Crowd-hunting is a more appropriate term. This will take a minute to explain.
Look, this is partly a reaction to a lovely article in the Sunday New York Times, which contained a wonderful recounting of this decision (written by Michael S Schmidt and Erik Schmitt). “Manhunt’s Turning Point Came in the Decision to Release Suspect’s Images” said the headline.
Paragraph six contains one sentence. Here is a partial quote…”The decision….was one the most crucial turning points in a remarkable crowd-sourcing manhunt for the plotters of a bombing that killed three people and wounded more than 170.”

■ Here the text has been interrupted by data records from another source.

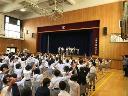 次に、学校内の特別教室を案内してもらいました。自分たちの教室以外にどんな教室があって、何をするところなのかを教えてもらって1年生は大喜びでした。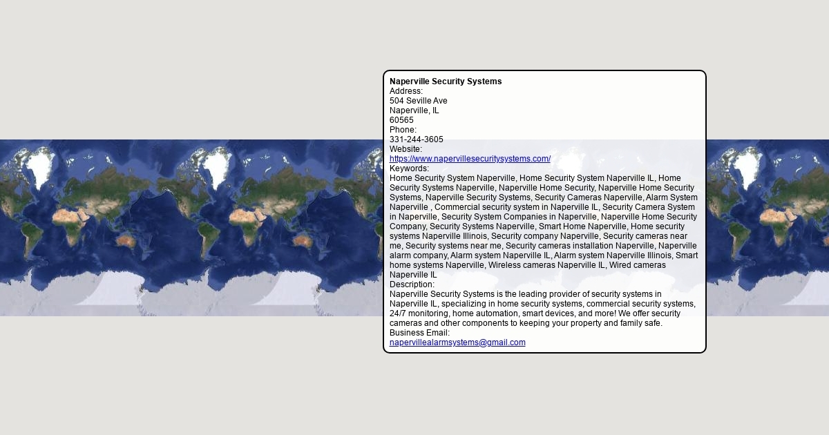 Address: 504 Seville Ave Naperville, IL 60565 Phone: 331-244-3605 Website: https://www.napervillesecuritysystems.com/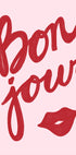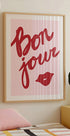 En legesyg og stilfuld typografiplakat med det franske ord Bonjour og en illustration af røde læber på en blød lyserød baggrund. Perfekt til moderne interiører og giver en feminin og elegant stemning til vægdekorationen.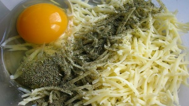 В половину сыра добавьте яйцо и киньте сушеную зелень, тщательно перемешайте. Эта смесь нам понадобится для смазывания нашего пирога, чтобы у него появилась золотистая и хрустящая корочка.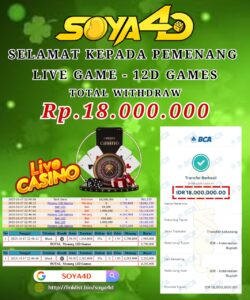 Selamat kepada User id : SAO**** Telah berhasil mendapatkan kemenangan besar pada permainan LIVE GAME 12D Dengan kemenangan Sebesar Rp.18.000.000.-,Setelah mengisi formulir withdraw dengan kurung waktu hanya 1 – 10 menit pihak SOYA 4D sudah melakukan transfer kepada pemiliknya dan dana sudah masuk ke rekeNing id tersebut oleh pemenang. Bukti pembayaran yang kami berikan merupakan bukti pembayaran yang SAH / VALID yang langsung di dapatkan melalui tanda transfer transaksi berhasil dari Bank yang di tuju.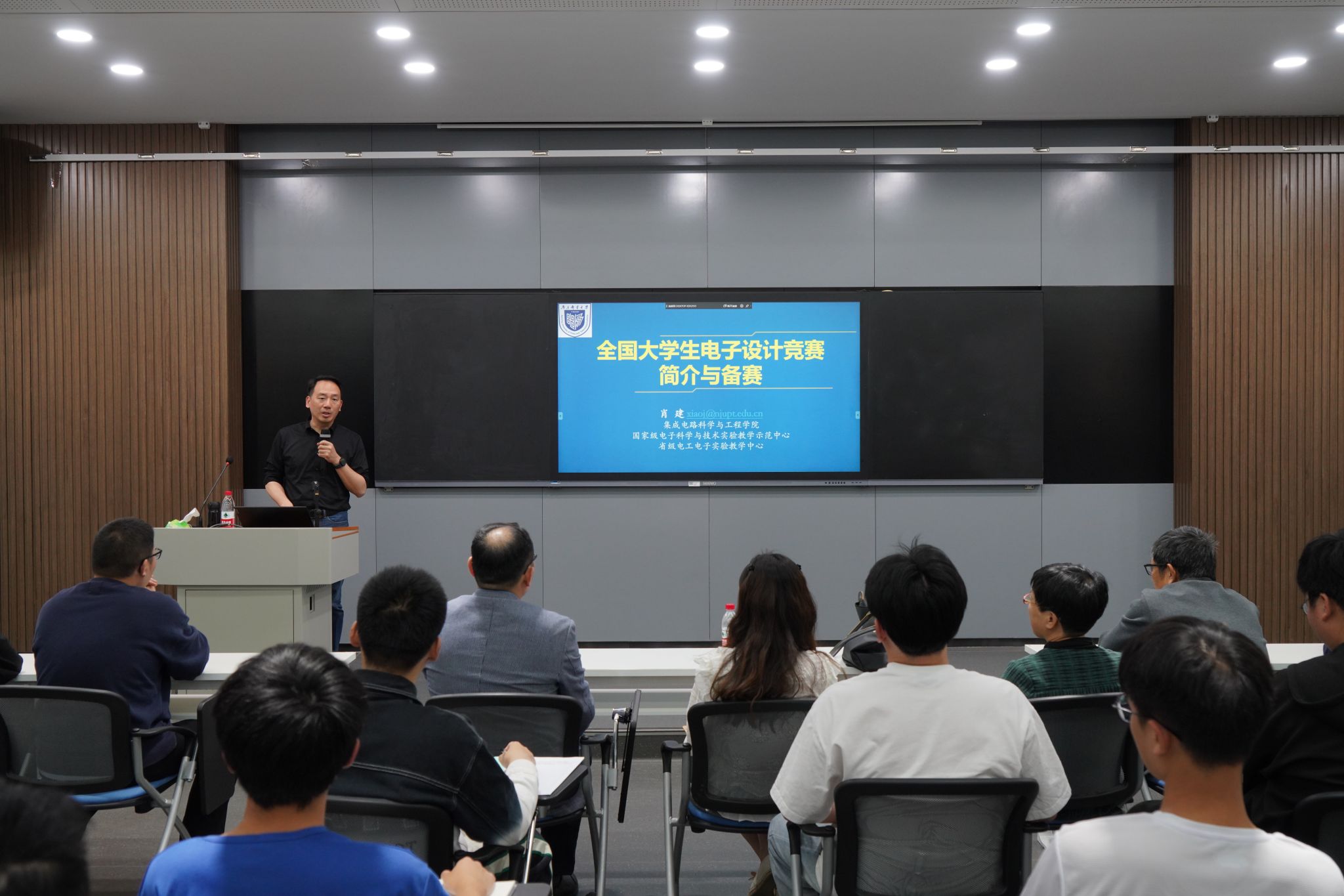 为了进一步增强学生创新能力,帮助学生了解学科竞赛体制,5月9日晚,机械凯发于工程实践中心6B211举办了科创专题讲座。讲座特邀南京邮电大学集成电路科学与凯发副院长、国家级电子科学与技术实验教学示范中心副主任、国家级线下一流课程负责人肖建教授主讲,由该院院长黄家才主持。党委副书记印书范及学院师生100余人参加活动。

Remarkable? Yes. Crowd-sourcing? No.
According to the online version of Merriam and Webster’s Dictionary, Crowd Sourcing is “the practice of obtaining needed services, ideas, or content by soliciting contributions from a large group of people and especially from the online community rather than from traditional employees or suppliers.”
In practice it is also a cooperative activity. Usually a person or firm poses the problem, solicits and manages the help provided by the crowd, and takes care of the other details, such as making the contest rules, if any. Sometimes there are explicit awards and sometimes not.

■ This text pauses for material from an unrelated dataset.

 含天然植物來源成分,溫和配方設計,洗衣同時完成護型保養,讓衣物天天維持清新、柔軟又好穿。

Such as it was, the crowd was cooperative in Boston, to be sure. Everyone wanted to help if they could. Many sent in their videos of the finish line and tried to help the investigation.

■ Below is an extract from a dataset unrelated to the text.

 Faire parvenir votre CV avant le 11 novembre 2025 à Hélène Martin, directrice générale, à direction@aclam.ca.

But there were crucial differences between what happened after the Boston Marathon Bombing and crowd-sourcing.
• Most crucially, the cooperation only went so far. The suspects did not want to be found. The definition for crowd sourcing includes nothing about the “solution” putting up active resistance.
• Here is another difference. There also was (sort of) a leader soliciting ideas and managing the contributions, but it was hardly well organized. To be sure, the feds and the state of Massachusetts and the city of Boston cooperated in some news conferences, and in the strategies to release video and photos. Every participant described this as chaotic. Not because anybody wanted it that way; that is just how things are in a major event.
• Also, more trivially, only a small part of this employed online methods and communications. The news media had a huge role, not just one web site releasing details and collecting suggestions. And it was not just CNN prattling away on every little detail. Some of the media was perfectly happy to amplify any little thing, even false rumors. For example, the New York Post ran a headline “Bag Men” with a circle around the picture of some poor guy who had nothing to do with the bombing. The competitive dynamic between the various news outlets played a key role in blowing many facts out of proportion, and setting the crowd off in the right and wrong direction.
• There is also this little problem: the actual facts don’t fit the label of successful crowd-sourcing. After all, the big break came when the brothers hijacked a car, and released the owner after driving with him for a while. Not killing the car-owner showed that the brothers still had some measure of humanity in them, but releasing him also shows they were not thinking clearly. They had talked about the bombing in front of the car-owner. Once he was released he called 911, and police put out an all-points-bulletin. The owner gave lots of details about his own car. The police spotted it a few minutes later, and that directly led to the death of the older brother.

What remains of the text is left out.